• Task: The required result is an exact copy of the material from the line with "Sch. Golke & Weinand BAUFÜHRER ARCHITECT" through its final line, both ends included.
---------- Records ----------
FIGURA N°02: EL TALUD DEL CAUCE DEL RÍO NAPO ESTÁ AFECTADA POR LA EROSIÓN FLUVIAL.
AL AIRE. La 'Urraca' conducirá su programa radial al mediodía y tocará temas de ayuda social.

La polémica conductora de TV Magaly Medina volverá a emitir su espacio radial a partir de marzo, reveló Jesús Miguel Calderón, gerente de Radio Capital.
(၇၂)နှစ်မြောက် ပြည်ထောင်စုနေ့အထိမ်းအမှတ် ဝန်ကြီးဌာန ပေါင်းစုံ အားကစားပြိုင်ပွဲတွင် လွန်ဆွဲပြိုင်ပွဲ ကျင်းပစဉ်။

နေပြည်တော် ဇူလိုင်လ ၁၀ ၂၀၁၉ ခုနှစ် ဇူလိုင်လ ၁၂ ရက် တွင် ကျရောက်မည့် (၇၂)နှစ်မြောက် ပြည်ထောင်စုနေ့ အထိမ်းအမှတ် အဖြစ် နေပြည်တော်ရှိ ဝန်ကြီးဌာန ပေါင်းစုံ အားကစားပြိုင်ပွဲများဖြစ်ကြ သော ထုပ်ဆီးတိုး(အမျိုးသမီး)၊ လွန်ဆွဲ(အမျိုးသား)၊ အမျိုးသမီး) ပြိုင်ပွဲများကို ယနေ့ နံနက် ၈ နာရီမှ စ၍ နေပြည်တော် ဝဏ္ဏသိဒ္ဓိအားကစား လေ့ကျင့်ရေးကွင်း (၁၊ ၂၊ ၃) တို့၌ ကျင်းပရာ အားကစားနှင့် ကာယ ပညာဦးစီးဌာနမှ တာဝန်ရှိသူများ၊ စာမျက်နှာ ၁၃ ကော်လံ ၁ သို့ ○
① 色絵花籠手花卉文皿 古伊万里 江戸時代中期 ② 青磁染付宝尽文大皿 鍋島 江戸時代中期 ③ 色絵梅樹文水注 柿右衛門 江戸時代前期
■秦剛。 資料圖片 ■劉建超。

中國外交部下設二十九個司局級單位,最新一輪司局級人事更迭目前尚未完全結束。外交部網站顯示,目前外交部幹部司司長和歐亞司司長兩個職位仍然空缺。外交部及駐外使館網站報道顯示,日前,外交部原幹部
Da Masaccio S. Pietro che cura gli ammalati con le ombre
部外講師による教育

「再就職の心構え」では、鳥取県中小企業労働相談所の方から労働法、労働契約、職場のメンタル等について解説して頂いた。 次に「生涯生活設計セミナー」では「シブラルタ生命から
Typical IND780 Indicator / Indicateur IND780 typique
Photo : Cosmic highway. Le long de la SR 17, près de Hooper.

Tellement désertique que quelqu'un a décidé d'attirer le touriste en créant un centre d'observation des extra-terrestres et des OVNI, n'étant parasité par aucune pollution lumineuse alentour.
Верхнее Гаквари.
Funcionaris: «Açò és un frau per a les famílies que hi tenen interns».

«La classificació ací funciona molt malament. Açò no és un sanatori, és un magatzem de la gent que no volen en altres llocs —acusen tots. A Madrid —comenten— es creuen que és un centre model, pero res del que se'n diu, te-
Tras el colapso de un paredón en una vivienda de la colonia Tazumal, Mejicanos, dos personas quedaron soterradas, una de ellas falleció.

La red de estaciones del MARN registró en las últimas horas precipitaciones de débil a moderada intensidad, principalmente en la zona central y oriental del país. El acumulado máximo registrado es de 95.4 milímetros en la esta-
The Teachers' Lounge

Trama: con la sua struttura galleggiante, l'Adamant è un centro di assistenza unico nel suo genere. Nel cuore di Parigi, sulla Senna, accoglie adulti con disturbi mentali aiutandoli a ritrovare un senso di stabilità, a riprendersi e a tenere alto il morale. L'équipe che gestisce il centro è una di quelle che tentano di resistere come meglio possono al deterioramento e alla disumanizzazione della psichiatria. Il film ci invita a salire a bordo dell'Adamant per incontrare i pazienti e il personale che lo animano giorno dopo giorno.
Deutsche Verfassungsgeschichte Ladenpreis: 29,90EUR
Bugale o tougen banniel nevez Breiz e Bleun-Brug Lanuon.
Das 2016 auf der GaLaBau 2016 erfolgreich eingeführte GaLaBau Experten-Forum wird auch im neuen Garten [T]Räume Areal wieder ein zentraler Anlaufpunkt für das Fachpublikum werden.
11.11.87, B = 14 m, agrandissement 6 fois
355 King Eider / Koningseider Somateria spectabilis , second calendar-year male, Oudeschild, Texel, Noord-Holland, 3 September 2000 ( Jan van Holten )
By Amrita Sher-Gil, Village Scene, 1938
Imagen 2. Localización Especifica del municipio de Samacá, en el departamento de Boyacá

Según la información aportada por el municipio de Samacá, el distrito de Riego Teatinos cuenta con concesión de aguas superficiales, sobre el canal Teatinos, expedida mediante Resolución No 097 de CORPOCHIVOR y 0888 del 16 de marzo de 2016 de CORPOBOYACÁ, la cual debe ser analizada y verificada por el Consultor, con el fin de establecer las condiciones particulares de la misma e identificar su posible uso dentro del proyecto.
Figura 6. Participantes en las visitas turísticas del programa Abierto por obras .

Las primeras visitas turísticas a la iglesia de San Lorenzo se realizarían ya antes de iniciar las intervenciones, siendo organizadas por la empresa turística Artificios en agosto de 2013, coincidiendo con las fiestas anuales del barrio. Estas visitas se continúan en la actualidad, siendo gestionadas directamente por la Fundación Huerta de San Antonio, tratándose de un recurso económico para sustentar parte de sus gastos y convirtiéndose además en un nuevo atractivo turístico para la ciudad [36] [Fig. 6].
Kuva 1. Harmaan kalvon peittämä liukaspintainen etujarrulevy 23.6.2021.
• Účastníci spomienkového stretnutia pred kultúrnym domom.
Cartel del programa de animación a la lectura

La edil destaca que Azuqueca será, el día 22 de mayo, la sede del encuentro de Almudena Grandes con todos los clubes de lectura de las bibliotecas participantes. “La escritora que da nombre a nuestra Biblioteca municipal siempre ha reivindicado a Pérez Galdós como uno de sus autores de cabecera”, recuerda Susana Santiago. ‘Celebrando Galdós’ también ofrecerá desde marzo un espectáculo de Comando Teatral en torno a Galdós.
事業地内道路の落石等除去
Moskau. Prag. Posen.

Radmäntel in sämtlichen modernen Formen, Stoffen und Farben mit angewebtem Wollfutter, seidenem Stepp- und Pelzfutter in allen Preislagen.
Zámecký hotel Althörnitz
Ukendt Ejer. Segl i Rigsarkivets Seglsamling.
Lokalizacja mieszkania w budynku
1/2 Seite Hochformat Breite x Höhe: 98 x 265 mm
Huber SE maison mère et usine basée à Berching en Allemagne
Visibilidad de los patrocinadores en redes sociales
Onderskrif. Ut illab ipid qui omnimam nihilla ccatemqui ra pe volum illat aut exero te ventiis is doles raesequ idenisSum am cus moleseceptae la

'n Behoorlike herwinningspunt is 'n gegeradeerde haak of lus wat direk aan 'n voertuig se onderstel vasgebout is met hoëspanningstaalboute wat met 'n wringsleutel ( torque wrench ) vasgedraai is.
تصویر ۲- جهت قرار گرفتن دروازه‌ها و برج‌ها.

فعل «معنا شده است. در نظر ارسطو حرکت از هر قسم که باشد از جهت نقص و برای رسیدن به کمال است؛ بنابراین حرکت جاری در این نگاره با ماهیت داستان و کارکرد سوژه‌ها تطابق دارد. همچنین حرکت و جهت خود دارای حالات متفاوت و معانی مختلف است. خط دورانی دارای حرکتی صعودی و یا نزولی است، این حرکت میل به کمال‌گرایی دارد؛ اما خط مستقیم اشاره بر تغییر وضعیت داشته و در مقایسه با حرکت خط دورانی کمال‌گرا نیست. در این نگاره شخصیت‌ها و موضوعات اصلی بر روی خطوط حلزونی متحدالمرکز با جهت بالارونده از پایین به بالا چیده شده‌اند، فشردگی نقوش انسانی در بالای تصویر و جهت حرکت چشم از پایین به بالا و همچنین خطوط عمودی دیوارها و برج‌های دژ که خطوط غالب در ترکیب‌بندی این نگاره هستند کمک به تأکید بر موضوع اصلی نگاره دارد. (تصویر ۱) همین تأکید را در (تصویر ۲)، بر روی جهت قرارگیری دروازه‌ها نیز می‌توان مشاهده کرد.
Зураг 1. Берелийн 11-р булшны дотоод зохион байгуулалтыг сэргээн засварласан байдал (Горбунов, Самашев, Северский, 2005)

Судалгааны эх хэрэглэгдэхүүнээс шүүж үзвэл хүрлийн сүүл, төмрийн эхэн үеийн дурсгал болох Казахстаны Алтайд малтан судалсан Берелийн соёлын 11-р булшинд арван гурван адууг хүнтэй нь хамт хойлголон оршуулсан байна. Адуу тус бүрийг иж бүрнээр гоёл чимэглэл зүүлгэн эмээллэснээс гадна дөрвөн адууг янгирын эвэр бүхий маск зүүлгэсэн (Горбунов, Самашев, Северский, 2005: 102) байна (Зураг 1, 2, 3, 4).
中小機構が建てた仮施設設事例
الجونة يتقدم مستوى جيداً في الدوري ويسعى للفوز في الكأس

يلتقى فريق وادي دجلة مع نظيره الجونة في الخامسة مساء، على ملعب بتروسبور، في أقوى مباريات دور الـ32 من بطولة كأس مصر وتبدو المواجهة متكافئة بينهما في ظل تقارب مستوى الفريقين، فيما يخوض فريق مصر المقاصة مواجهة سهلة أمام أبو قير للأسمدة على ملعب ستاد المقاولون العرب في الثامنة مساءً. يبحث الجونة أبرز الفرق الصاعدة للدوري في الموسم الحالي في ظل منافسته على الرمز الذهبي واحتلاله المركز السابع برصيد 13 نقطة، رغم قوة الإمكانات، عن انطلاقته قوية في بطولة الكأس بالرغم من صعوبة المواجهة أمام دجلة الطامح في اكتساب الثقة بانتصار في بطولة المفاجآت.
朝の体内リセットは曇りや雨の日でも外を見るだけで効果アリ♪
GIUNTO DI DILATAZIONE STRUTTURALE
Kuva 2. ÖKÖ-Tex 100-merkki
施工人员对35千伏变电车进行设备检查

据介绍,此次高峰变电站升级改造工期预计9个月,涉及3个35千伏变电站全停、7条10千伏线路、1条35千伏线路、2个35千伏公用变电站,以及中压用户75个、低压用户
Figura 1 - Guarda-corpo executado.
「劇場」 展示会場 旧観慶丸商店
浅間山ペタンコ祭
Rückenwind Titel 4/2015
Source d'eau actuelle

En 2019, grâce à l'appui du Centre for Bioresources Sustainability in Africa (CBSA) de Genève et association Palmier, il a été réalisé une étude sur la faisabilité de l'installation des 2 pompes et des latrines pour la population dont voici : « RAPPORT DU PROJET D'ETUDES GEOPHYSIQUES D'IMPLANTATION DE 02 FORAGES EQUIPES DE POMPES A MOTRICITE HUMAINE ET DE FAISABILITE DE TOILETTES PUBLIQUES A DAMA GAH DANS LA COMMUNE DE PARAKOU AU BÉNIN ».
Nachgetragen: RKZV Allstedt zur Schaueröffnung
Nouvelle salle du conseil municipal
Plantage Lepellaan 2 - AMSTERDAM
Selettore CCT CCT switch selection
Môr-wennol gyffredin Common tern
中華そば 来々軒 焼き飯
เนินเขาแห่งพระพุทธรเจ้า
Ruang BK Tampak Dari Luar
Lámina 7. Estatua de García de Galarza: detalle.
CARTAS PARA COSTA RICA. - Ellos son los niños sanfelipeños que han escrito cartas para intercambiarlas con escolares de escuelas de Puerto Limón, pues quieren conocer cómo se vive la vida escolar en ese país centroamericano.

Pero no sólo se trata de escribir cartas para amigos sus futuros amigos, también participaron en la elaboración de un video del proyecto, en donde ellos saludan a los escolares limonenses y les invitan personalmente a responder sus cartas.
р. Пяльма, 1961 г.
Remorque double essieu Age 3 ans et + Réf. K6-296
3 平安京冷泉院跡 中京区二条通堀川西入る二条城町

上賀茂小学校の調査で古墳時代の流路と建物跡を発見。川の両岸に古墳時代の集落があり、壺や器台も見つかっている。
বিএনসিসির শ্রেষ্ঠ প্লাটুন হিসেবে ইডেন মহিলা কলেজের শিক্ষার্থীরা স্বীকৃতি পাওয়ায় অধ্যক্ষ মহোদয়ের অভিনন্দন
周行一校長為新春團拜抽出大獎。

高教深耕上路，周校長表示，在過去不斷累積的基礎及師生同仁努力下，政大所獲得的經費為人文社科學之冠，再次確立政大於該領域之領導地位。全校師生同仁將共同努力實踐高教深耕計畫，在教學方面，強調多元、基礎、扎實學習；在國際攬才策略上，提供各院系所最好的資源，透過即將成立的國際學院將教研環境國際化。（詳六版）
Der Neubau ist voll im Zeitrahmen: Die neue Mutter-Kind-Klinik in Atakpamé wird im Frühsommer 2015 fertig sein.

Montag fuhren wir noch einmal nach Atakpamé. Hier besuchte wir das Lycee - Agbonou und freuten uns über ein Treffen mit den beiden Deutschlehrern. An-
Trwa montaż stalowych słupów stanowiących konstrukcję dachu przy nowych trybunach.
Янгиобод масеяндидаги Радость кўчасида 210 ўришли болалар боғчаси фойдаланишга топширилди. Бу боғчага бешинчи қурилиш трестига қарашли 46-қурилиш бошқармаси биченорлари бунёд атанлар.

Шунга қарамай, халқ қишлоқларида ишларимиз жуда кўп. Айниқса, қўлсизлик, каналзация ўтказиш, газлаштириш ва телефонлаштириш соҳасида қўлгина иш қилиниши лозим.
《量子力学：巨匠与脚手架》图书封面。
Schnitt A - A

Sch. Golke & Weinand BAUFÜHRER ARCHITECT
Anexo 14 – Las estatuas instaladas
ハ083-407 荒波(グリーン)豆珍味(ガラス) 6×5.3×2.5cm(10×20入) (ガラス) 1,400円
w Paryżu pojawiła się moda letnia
----------
• Result of the exercise:
Sch. Golke & Weinand BAUFÜHRER ARCHITECT
Anexo 14 – Las estatuas instaladas
ハ083-407 荒波(グリーン)豆珍味(ガラス) 6×5.3×2.5cm(10×20入) (ガラス) 1,400円
w Paryżu pojawiła się moda letnia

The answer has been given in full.